CFD INVESTIGATION OF UNSTEADY ROTORCRAFT AIRFOIL AERODYNAMICS

Open Access
Author:
Coder, James George
Graduate Program:
Aerospace Engineering
Degree:
Master of Science
Document Type:
Master Thesis
Date of Defense:
None
Committee Members:
  • Mark David Maughmer, Thesis Advisor
Keywords:
  • gurney flap
  • mite
  • airfoil
  • unsteady
  • aerodynamics
  • blade
  • rotor
  • helicopter
  • rotorcraft
  • CFD
  • aerospace engineering
  • grid
  • overset
  • RANS
  • DES
Abstract:
As part of an effort to improve rotorcraft performance, the ability of the OVERFLOW computational fluid dynamics solver to predict the onset of dynamic stall and the influence of upstream miniature trailing-edge effectors (MiTEs) has been investigated. Static CFD validation cases and grid resolution studies were first performed for airfoils both clean and with Gurney flaps. It was determined that CFD generally performs well in predicting the zero-lift angle of attack and zero-lift pitching-moment coefficient for an airfoil, but the fully turbulent assumption causes the maximum lift coefficient to be generally overpredicted. Several trailing-edge stall suppression and double stall cases from the U.S. Army Dynamic Stall Data Package were used to provide experimental validation of the computational methods used in OVERFLOW for dynamic stall.

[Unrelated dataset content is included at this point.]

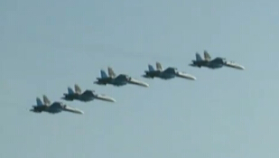 实拍俄罗斯勇士队表演5机横队向观众致意

The overprediction of the maximum lift coefficient resulted in the introduction of a quasi-steady scaling factor for these cases; the use of this scaling factor is shown to greatly improve the quality of the dynamic stall predictions. The aerodynamic response of a deploying and retracting upstream MiTE, which is a deployable Gurney flap, has also been investigated and validated for the purpose of providing “virtual wind tunnel” data for the development of an unsteady aerodynamic model. Moving the MiTE upstream of the trailing edge creates a lower-surface vortex which causes significant deviations from trailing-edge MiTE behavior that had previously been observed. This vortex was observed in both 2-D unsteady RANS and 3-D DES simulations, with the transient responses being qualitatively similar for both methods.